Work required:
Return the listing below unchanged, except that the pictures are dropped.

Input data:
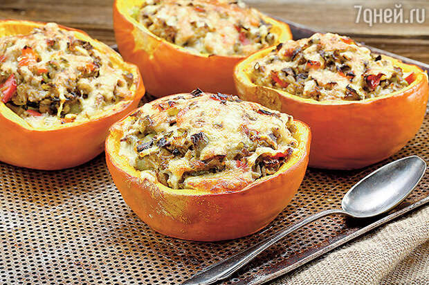 Фаршированная тыква в духовке с курицей, картошкой и грибами в духовке: пошаговый рецепт.
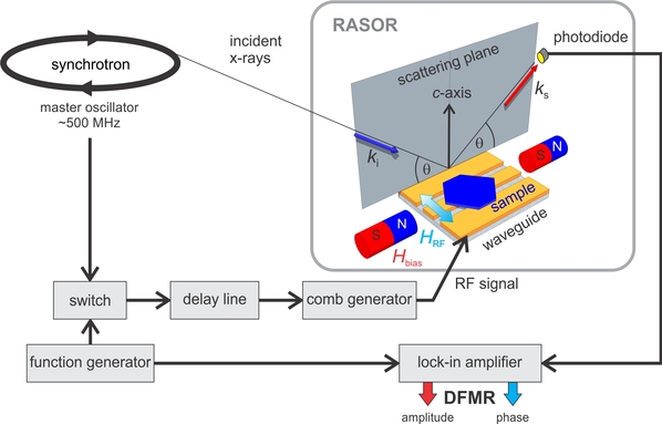 为了解决这一问题,张石磊团队利用同步辐射软X射线的多维度参量(能量、动量、偏振、时间分辨),开发了“双共振散射”实验。这一手段核心的原理在于同步辐射的X光并非连续入射,而是以接近500 MHz的频率一束一束发射。每一束光的时间宽度为35ps。换句话说,对于大多数同步辐射实验,如果体系的动力学与500 MHz无关,则这一属性与连续光无异。然而,对于关联磁性体系,500 MHz的倍频(1 GHz-6 GHz)刚好在铁磁共振的频率范围。在实验上,研究团队设计了独特的与光源匹配的共振弹性X光散射(REXS)环境,使得驱动X光的微波在引发样品铁磁共振的同时,同步的X光用REXS的方式去探测某一个“冻结”时刻的磁结构。通过一系列频闪观测的方法首次重构出了整个铁磁共振的全部过程。实验的空间分辨率为原子级别,可对磁矩的三个分量独立分辨,时间分辨率为35ps。通过对共振过程的精确表征,磁振子在量子层面的物理机制亦可完全被揭示。值得一提的是,该工作基于英国钻石光源,光束宽度仅为35ps。而在上海光源的光束宽度可以达到15ps,且光通量更大。将更高质量的双共振散射在上海光源S2光束线实现是课题组下一步的目标。
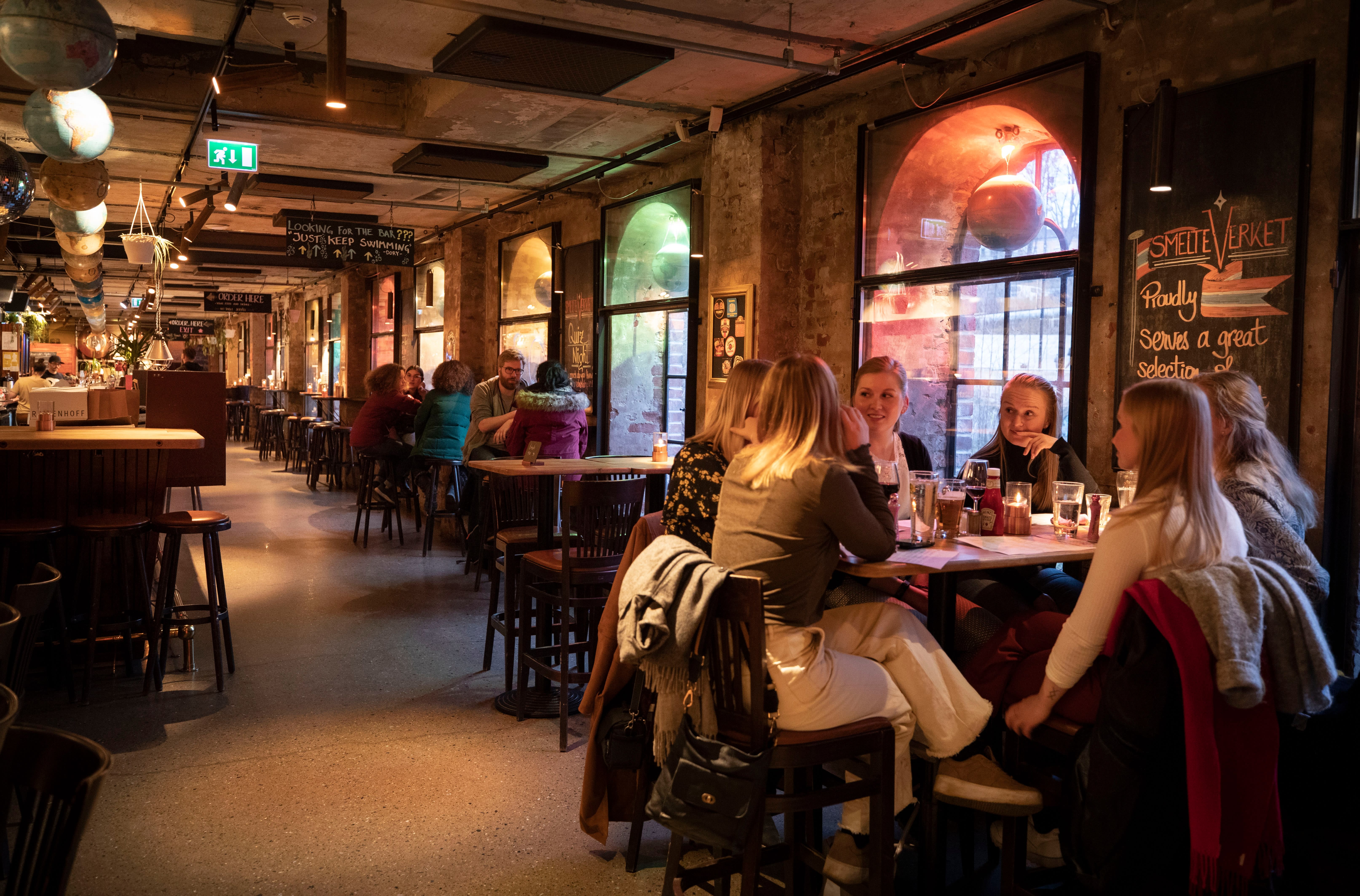 Det avlange lokalet har plass til mange gjester, og denne ettermiddagen er det så vidt vi klarer å presse oss sammen ved et bord. Det er flere store selskap som har benket seg langs veggen, og det har begynt å danne seg kø ved den 27 meter lange bardisken, som stedet hevder er Skandinavias lengste.
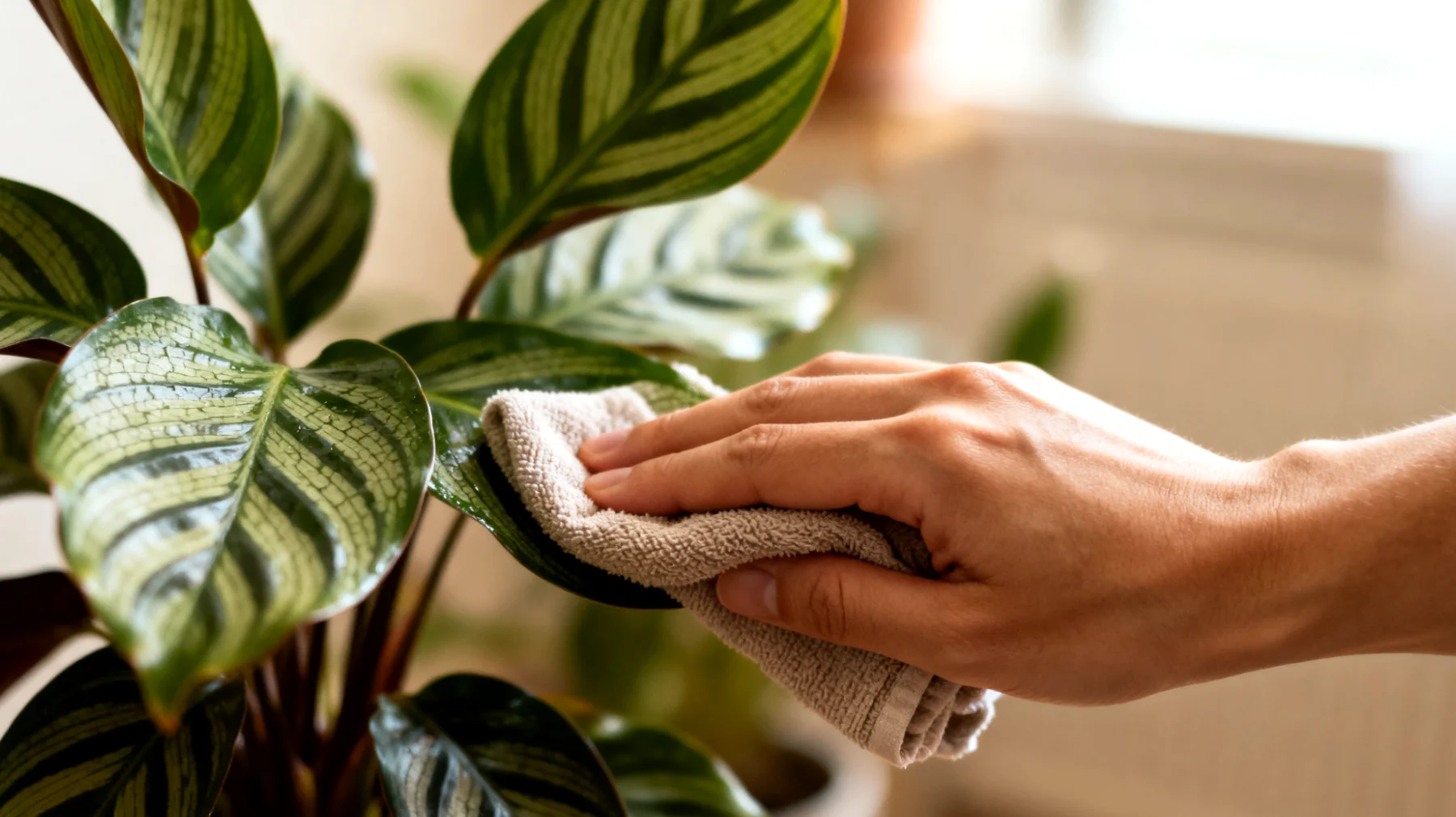 Der richtige Ansatz für die Reinigung empfindlicher Calathea-Blätter

Output for this exercise:
 Фаршированная тыква в духовке с курицей, картошкой и грибами в духовке: пошаговый рецепт.
 为了解决这一问题,张石磊团队利用同步辐射软X射线的多维度参量(能量、动量、偏振、时间分辨),开发了“双共振散射”实验。这一手段核心的原理在于同步辐射的X光并非连续入射,而是以接近500 MHz的频率一束一束发射。每一束光的时间宽度为35ps。换句话说,对于大多数同步辐射实验,如果体系的动力学与500 MHz无关,则这一属性与连续光无异。然而,对于关联磁性体系,500 MHz的倍频(1 GHz-6 GHz)刚好在铁磁共振的频率范围。在实验上,研究团队设计了独特的与光源匹配的共振弹性X光散射(REXS)环境,使得驱动X光的微波在引发样品铁磁共振的同时,同步的X光用REXS的方式去探测某一个“冻结”时刻的磁结构。通过一系列频闪观测的方法首次重构出了整个铁磁共振的全部过程。实验的空间分辨率为原子级别,可对磁矩的三个分量独立分辨,时间分辨率为35ps。通过对共振过程的精确表征,磁振子在量子层面的物理机制亦可完全被揭示。值得一提的是,该工作基于英国钻石光源,光束宽度仅为35ps。而在上海光源的光束宽度可以达到15ps,且光通量更大。将更高质量的双共振散射在上海光源S2光束线实现是课题组下一步的目标。
 Det avlange lokalet har plass til mange gjester, og denne ettermiddagen er det så vidt vi klarer å presse oss sammen ved et bord. Det er flere store selskap som har benket seg langs veggen, og det har begynt å danne seg kø ved den 27 meter lange bardisken, som stedet hevder er Skandinavias lengste.
 Der richtige Ansatz für die Reinigung empfindlicher Calathea-Blätter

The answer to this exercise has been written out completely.